Saturday, December 17, 2011

An Outdoors Evening With The Boys!

Today, our power went out (PG&G's behalf) so I took the boys outside. First we visited the play ground.

Vang whined 'cause he had to wait for us to 
adjust the swing. 

Lee always have a good time! 

Finally smiling after he was pushed high in the swing. 

And then we went to the garden. I had the boys helped with picking 
mustard greens for their grandparent's dinner. 

And I made boiled pork with mustard greens; 
the lemon grass gives the soups so much freshness! 

And upon going inside, Lee grabbed his long lost friend, 
"cock-o-dial" and took him home. 

It's nice to spend time with the boys and be active with them but gosh, when someone else bothers them so much and they cry and cry, I get so frustrated! I make them both sit down at the kitchen table and eat their dinner without any television (which their parents always allow) 'cause I was so frustrated! By turning off the T.V., Lee ate hastily and didn't complain at all! I shall turn it off more often! 

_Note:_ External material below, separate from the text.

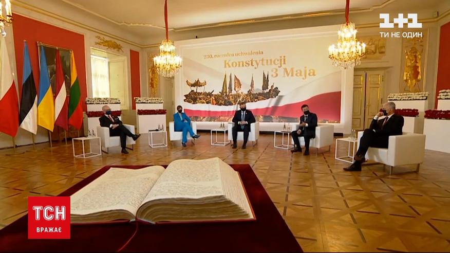 Украина, Польша, Латвия, Литва и Эстония - вместе и дальше будут отстаивать европейскую демократию. Об этом в частности, говорится в совместной декларации, которую подписали лидеры этих пяти стран в Варшаве. Там состоялись торжества по случаю 230-летия так называемой Конституции 3 мая. Ее принял польский сейм 179 года, и ее считают первым демократическим основным законом в Европе, который вступил в силу.

Wednesday, December 14, 2011

Monday, November 28, 2011

I miss Tut, finally.

The amazing body goes into shock when we experience trauma so we can survive. This explains your sense of calmness, numbness.

I miss Tut. I'm no longer in shock.

Monday, October 24, 2011

Terrified

When you love someone, the most terrifying thing isn't that they won't love you back but that they actually do.

We finally embraced for the first and second time on 10/22/11. I don't think it was anything special but it sure is real. 

Friday, October 21, 2011

Meeting Destiny

How would you feel, how would you react knowing you'll be meeting the person you're destined for?

Just 16 more hours and we'll meet. I can't say he's my destiny but I'm anxious.

Thanks for this very special song by Lady Antebelllum, butterflies are swarming my stomach.

Tuesday, October 18, 2011

18 Clan Council Can Kiss My ASS!

http://www.wausaudailyherald.com/article/20111016/WDH06/110160413/18-Clan-Council-sets-new-rules-Domestic-violence-victims-their-families-now-can-seek-recourse?odyssey=mod|newswell|text|FRONTPAGE|s


Just let us revert, huh? 


After so many years of progress, of civilization, these dumb asses are resorting to problem solving back in the old Hmong days? Seriously?! In that case, I need to get in touch with the elders of my Vue clan, memorize their numbers, and call them for approval (to take action against my husband) when my husband is abusing me! Idiots! Who would've thought of such a thing!


Why do this council get to trump with the law? I don't even understand why Marathon County will allow such a thing! If a crime is committed, I would like this council to be tried and convicted for its involvement in trumping the law.


If my husband is Sam Worthington (just using Sam as an example of being in a interracial marriage), I don't think he'll abide by Hmong cultural to pay for my funeral (but will surely pay for my wake out of the goodness of his heart and that he loves me).  That's the problem with Hmong people; they're so greedy! If a member of your family die, will you not pull together to pay for the funeral and will you say, it's the responsibility of the husband's and his family's? These policies are useless!!!


I'm disgusted! 


Let's protest! 

Friday, October 14, 2011

Ob Peb Lub (My short story about sharing)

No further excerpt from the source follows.